### Supplied material
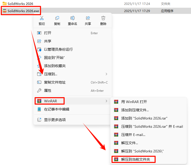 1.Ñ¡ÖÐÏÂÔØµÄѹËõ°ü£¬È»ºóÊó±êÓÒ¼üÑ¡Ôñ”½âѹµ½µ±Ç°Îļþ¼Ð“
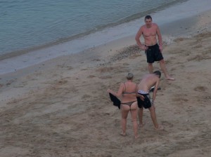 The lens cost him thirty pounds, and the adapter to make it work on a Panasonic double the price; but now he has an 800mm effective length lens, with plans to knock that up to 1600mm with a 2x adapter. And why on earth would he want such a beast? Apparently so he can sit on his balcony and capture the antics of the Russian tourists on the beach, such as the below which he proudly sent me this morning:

* * *

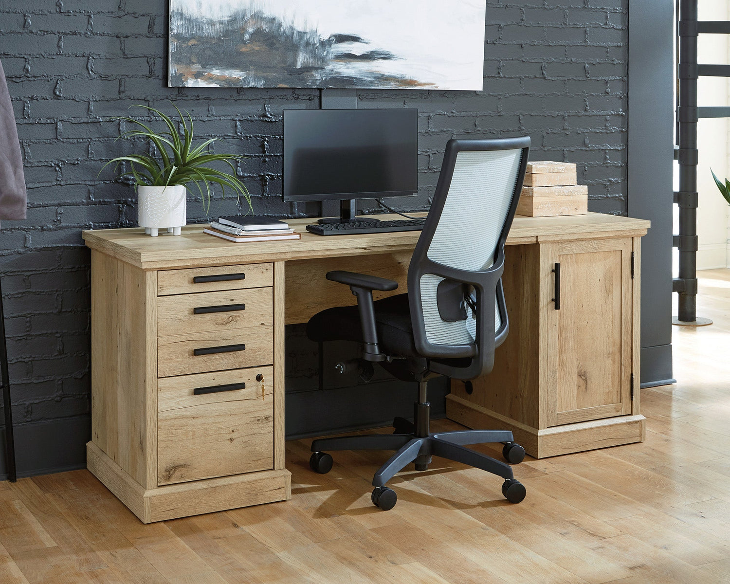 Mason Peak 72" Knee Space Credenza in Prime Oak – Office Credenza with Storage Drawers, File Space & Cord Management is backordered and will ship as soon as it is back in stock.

### What is required
With the pictures removed, print only the lines starting at the line that has "1.Ñ¡ÖÐÏÂÔØµÄѹË" and ending at the line that has "The lens cost", both ends included, exactly as they stand above.

### Reply
 1.Ñ¡ÖÐÏÂÔØµÄѹËõ°ü£¬È»ºóÊó±êÓÒ¼üÑ¡Ôñ”½âѹµ½µ±Ç°Îļþ¼Ð“
 The lens cost him thirty pounds, and the adapter to make it work on a Panasonic double the price; but now he has an 800mm effective length lens, with plans to knock that up to 1600mm with a 2x adapter. And why on earth would he want such a beast? Apparently so he can sit on his balcony and capture the antics of the Russian tourists on the beach, such as the below which he proudly sent me this morning:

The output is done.